Text, language, patterns, symbols… rewritten, layered, fractured, erased.
I ask myself: Who am I?
"Motherland." "Mainland." These words have shifted, lost their original meaning. The "broadcast" tells us we are them, but we know—we are not.
We live in the in-between, in the cracks of identity. We sing their songs, speak their national language, while our dialects are treated like original sins. The roles of subject and object collapse, blur, invert.
What remains here is a kind of hollow sound—both real and symbolic. It is oppression, but also endurance; resistance, but also a silent scream.

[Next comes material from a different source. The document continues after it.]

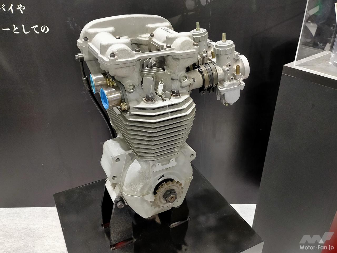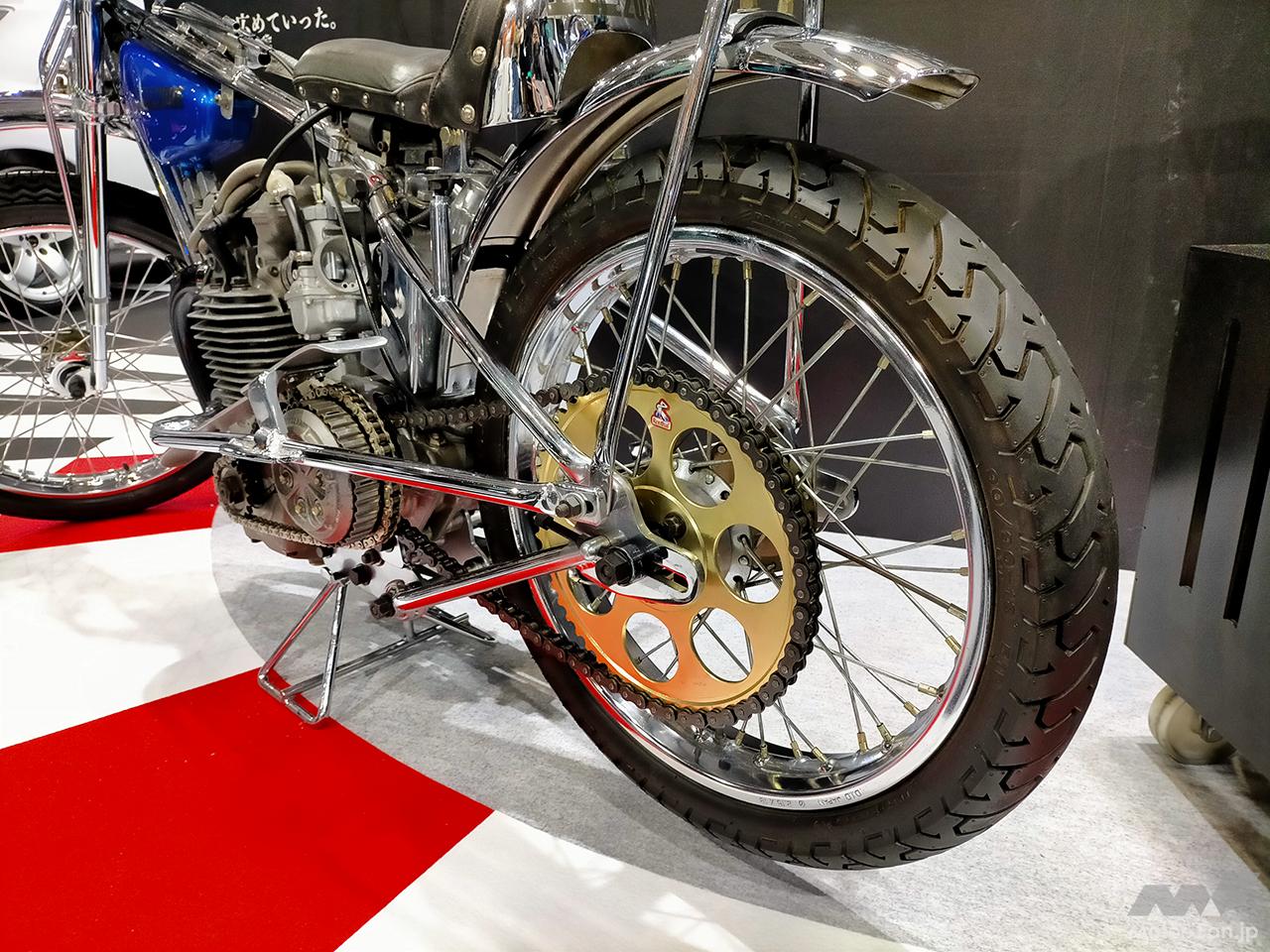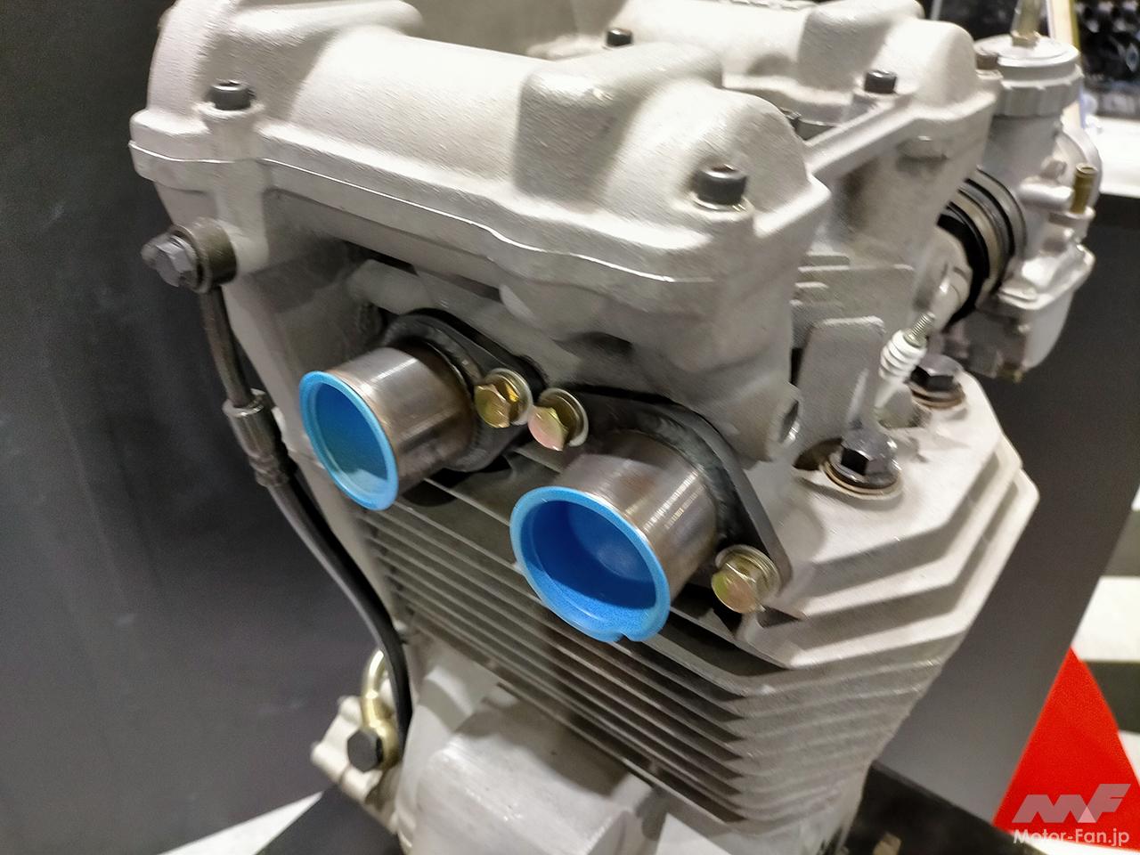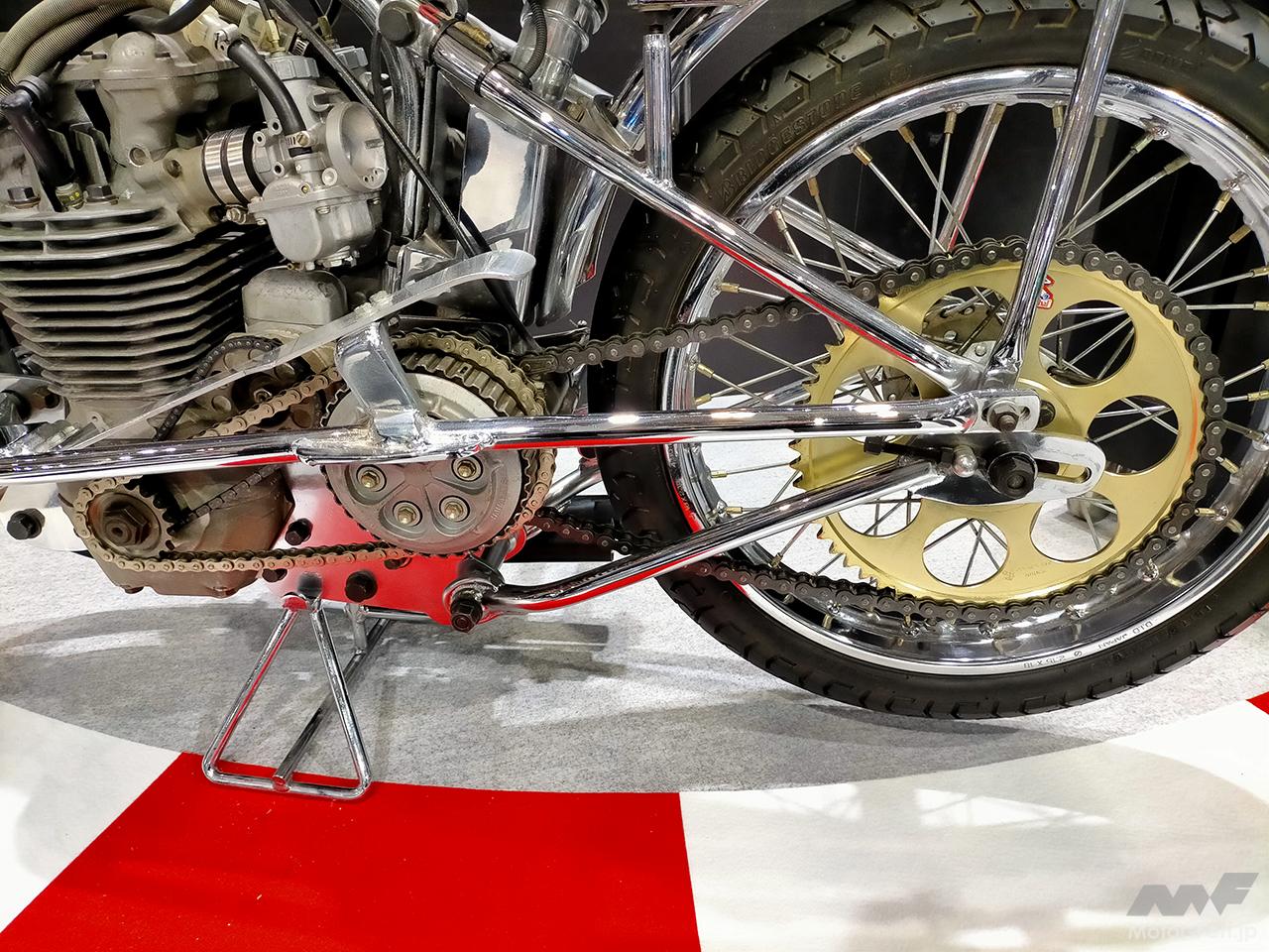 1973年に誕生したHKSは、長年自動車チューニングのパイオニアとして活躍する大手メーカーとして有名。HKSブースに展示された写真のバイクは、HKSが1988年(昭和63年)に開発した、「200E」を搭載したオートレースマシン。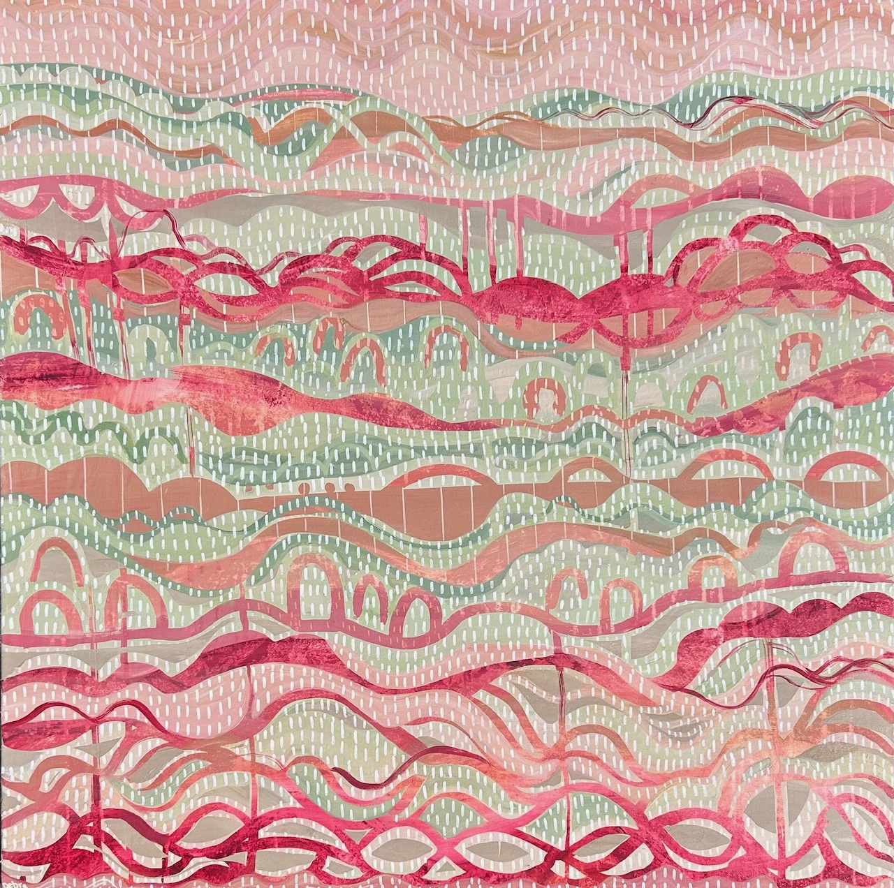 This artwork is an abstract style landscape using the contrasting textures and patterns of acrylic paint and artist markers. I am inspired by the patterns of earth, water and sky and ‘Landscape Serenade’ features many layers that I weaved throughout using organic inspired shapes, repetitive patterns and contours with a sense of harmony and flow. My focus came from of one particular colour; permanent brown madder that I used as a starting point then the rest of this earthy colour palette evolved around it. This artwork is deep and rich with punches of colour that is balanced with softer, calming elements, perfect for a stunning feature for any space and an oak frame would look beautiful.

It is in the erased silences of these melodies that I hear the real stories. The gaps are where memory lives. For me, to create is to recover and to resist—to place belief and identity into the fading traces of a homeland, preserving what little warmth remains.
喇叭、類比數位聲音擴大器、黑膠唱盤、壓克力板
有些時刻,讓人喘不過氣。那些難以言喻的感受,只能悄悄藏進心裡。於是,歌成了唯一能夠釋放情緒的出口。可在這些被反覆播放的樣板旋律中,我聽見的卻是被殖入的聲音——一種不屬於我們的信念。
文字、語言、圖樣、符號……它們被重寫,被疊加,破碎又殘缺。
我問自己:「我是誰?」
「母國」、「內地」,那些熟悉的詞彙已經變得陌生。「廣播」說我們是他們的一部分,但我們知道自己不是。
我們活在縫隙裡,在兩種語言、兩種文化之間徘徊。我們唱著他們的歌,說著他們的「國語」,而我們的「方言」卻成了原罪。主體與客體的邊界被模糊、顛倒。
這裡的「空音」,是某種真實的殘響——它同時是壓迫,也是隱忍,是反抗,也是低聲的吶喊。
我在旋律的刪節與沉默之處,聽見真正的故事。那些缺口,才是我們記憶的棲息地。創作對我來說,是一種尋回與抵抗,是將信念與認同,安放在逐漸消失的家園中,所能留下的最後溫度。